Page MenuHomePhabricator

failure in ia-upload possibly due to accented characters
Closed, ResolvedPublic3 Story Points

Description

https://tools.wmflabs.org/ia-upload/log/RepubliqueFrancaiseConstitution1848

log says

[2017-05-17 22:07:44] LOG.CRITICAL: Command "djvuxmlparser "/mnt/nfs/labstore-secondary-tools-project/ia-upload/ia-upload/jobqueue/RepubliqueFrancaiseConstitution1848/République_Française_Constitution_1848_djvu.xml_new.xml" 2>&1" exited with code 1: Error: File '/mnt/nfs/labstore-secondary-tools-project/ia-upload/ia-upload/jobqueue/RepubliqueFrancaiseConstitution1848/R?publique_Fran?aise_Constitution_1848_djvu.xml_new.xml' does not exist.

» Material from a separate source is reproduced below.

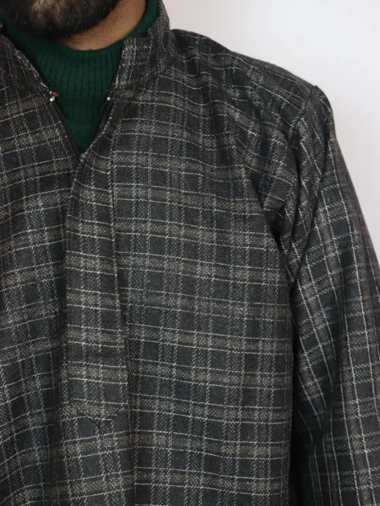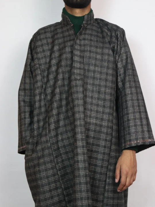Tweed wool gives this black colour pheranenhanced with check patterns, a composed fall with its chest size 62 inches and Length 48 inches and also it has pocket on the right side for practicality.

which looks like something at IA or here has not dealt with the accented characters. OR As a newly created file it was still doing its business even though it said that it was all finished.

Event Timeline

Restricted Application added a subscriber: Aklapper. · View Herald TranscriptMay 19 2017, 11:57 AM
Samwilson triaged this task as Normal priority.May 19 2017, 12:45 PM
Samwilson edited projects, added Community-Tech; removed Community-Tech-Tool-Labs.
kaldari lowered the priority of this task from Normal to Low.Jun 14 2017, 12:01 AM
kaldari set the point value for this task to 3.
Samwilson added a subscriber: Samwilson.

I have not been able to replicate this error; I've been able to convert the above item without any problems.

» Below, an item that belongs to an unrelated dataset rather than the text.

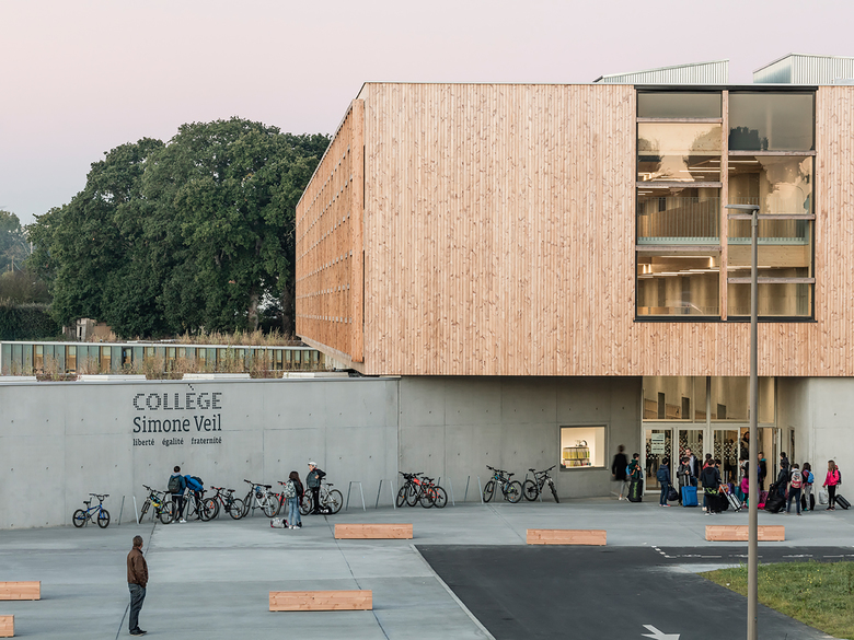 The College in Lamballe is a middle school for over 800 students. Built on a wooded plateau above the town, it consists of two main sections, which differ in their shape and materials: a long timber parallelepiped sits on a base in a gentle curve to echo the site’s topography and blend into the landscape.

I think you're right and it's something to do with how the derivative files are created at IA, or how they're listed in the files metadata file... there have been a few other items like this that have failed because IA Upload has acted before all the IA metadata is available. Note that the files metadata file of the above item was last modified at 17-May-2017 21:51, and the log entry was at 2017-05-17 22:07:44, i.e. about 17 minutes later... perhaps the OCR process runs longer than that, and the Abby XML isn't available for a while?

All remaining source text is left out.